Черт, я ведь совсем забыла о курсах, которые мы посещали с Эммой! А искусственное дыхание? Прием Хаймлиха? Какое счастье, что Эмма втюрилась именно в Эшли! Хотя береговой охранник, который тренировался на мне, едва не выдул мои легкие через мои же ноздри, но принцип я усвоила твердо.

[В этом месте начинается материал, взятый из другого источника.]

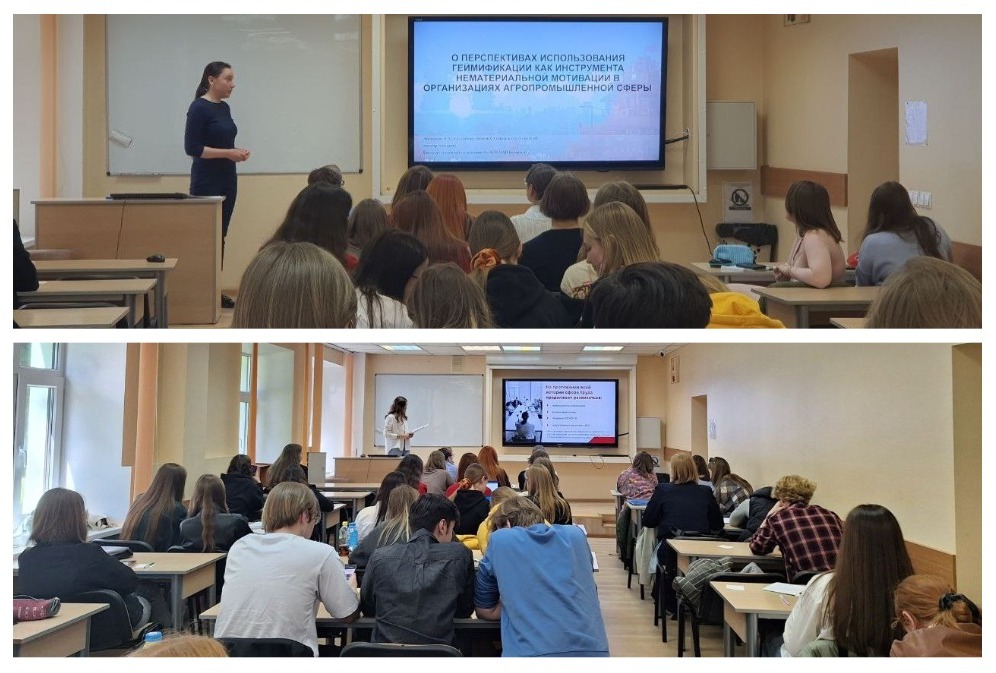 The conference covered the following topics: the development of foreign economic relations under sanctions, forms and methods of tax incentives for small businesses, digital transformation of business processes in industry, and labor market development trends. A. A. Andreenko, in her report «On the Prospects of Using Gamification as a Tool for Non-Material Motivation in Agro-Industrial Organizations,» discussed the essence, main elements, and directions for implementing gamification in the activities of agro-industrial organizations. Additionally, the young researchers presented an ongoing project to the attendees – the educational platform «Kolosok».

Отдавая себе отчет, что, перепутав какие-нибудь мелочи, могу опростоволоситься, но еще яснее сознавая, что в противном случае рискую стать свидетельницей последнего вздоха Лоретты, я склонилась над ней сзади, приподняла и обеими руками обхватила под грудиной. Резкое надавливание — и наполовину сжеванный орешек пулей вылетел изо рта Лоретты, метко угодив прямо в вырез купальника насмерть перепуганной итальянки.

Лоретта, отдышавшись, перекатилась на спину и уставилась на меня ошалелым взором.

— Господи, а вы ведь мне только что жизнь спасли! — прошептала она.

Я пожала плечами и смущенно посмотрела на итальянку, дружок которой по ее просьбе принялся шарить в вырезе ее купальника в поисках злополучного орешка.

— Просто не представляю, сумею ли когда-нибудь расплатиться с вами, — добавила Лоретта.

Я снова пожала плечами:

— Пустяки, не о чем говорить.

— Господи, Элисон, вы просто воплощение скромности! А знаете, будь мы с вами амазонскими индианками, моя жизнь отныне принадлежала бы вам. И вы могли бы сделать со мной все, что вам заблагорассудится.

— Понятно, — пробормотала я, пытаясь прикинуть, не завуалированная ли это попытка предложить мне поцеловать ее. Но поток моих размышлений прервало возвращение Кандиды с Джереми. Все вокруг были настолько поглощены моим подвигом, что никто и не заметил приближения кинодивы. Женщина-Бонд с пристегнутым к бедру тесаком остановилась в шаге от меня, капли воды с мокрых волос падали прямо на голову бедной Лоретты.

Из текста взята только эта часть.